If this was a year for honouring the past and worrying about the present, it was also a time for speculating about what might be. Ursula Le Guin, in a passionate speech at the National Book Awards this month, welcomed her lifetime achievement award as a sign that writers of science fiction and fantasy — “realists of a larger reality” — were no longer the poor relations of the literary world. And as the prize shortlists and review pages showed, serious novelists have clearly shed any inhibitions they might have once had about venturing into the speculative: David Mitchell, Howard Jacobson, Chang Rae-Lee and Michel Faber all did so to great effect in 2014.

Elsewhere, the forces of progress captured the imagination.

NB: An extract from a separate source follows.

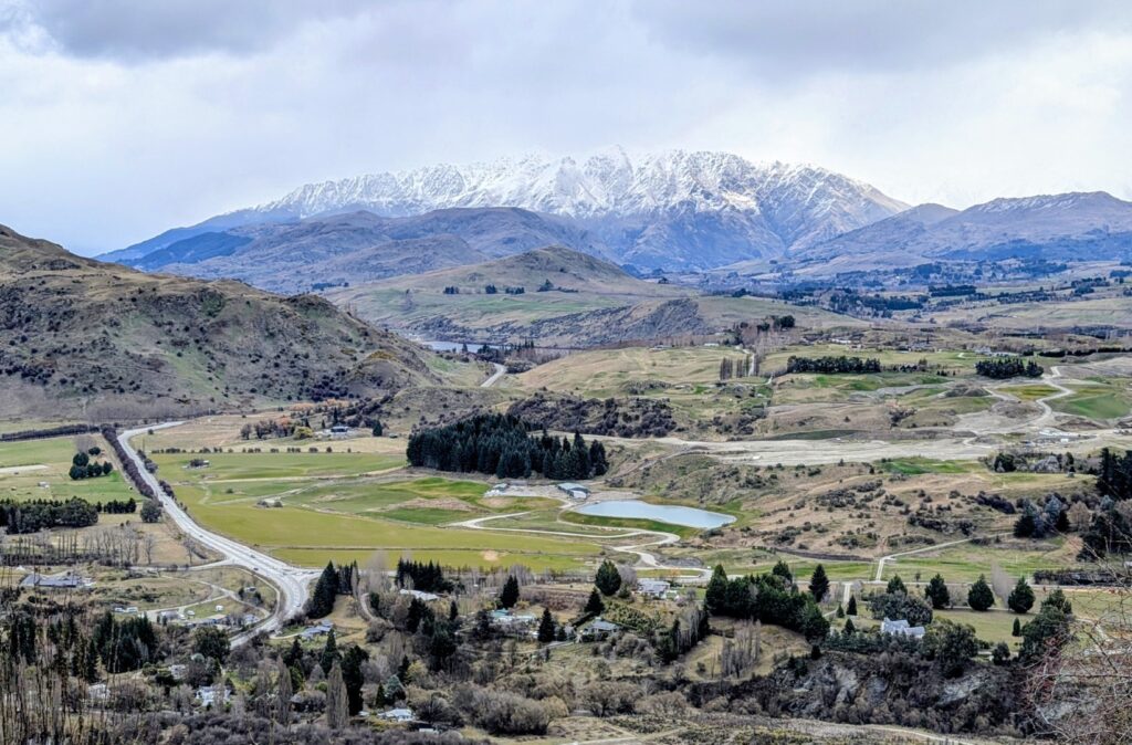 We took a short detour to drive up to the first lookout on the Crown Range Road. This is a high country backroad the connects Queenstown and Wanaka. The views were lovely but it was blowing a gale and freezing!

At the policy makers’ and business leaders’ forum of Davos in January, “The Second Machine Age” by Erik Brynjolfsson and Andrew McAfee generated a flurry of interest in the idea that robots could soon play a far bigger part of our daily lives — and render many of us unemployed in the process. Immortality was in the air, too, with the Israeli historian Yuval Noah Harari speculating in “Sapiens: A Brief History of Humanity” on what might happen if advances in bioengineering and artificial intelligence came together to vastly increase human lifespans and capabilities. Little surprise, in a world getting to grips with the logic of “r > g”, that we should not expect the benefits to be equally shared.

But it was the strength of writing about mortality that really struck me in 2014. To pick just a few examples, there was “Do No Harm” by Henry Marsh, a gripping portrait of a brain surgeon’s life and work; “Being Mortal” by Atul Gawande, the American doctor-writer whose first Reith lecture was aired by the BBC this week; and Marion Coutts’ remarkable “The Iceberg”, an account of the period between her husband’s diagnosis with a brain tumour and his death a little over two years later.

Here is a subject where writers are clearly reflecting a shift in public attitudes — one evident in the phenomenal response to the British actress Lynda Bellingham’s memoir of her last years, which has topped the bestseller lists since its publication, selling more than 200,000 copies in less than two months. The 17th-century essayist Francois de La Rochefoucauld wrote that death was like the sun, neither to be looked at steadily. It is to our credit, surely, if that maxim no longer holds.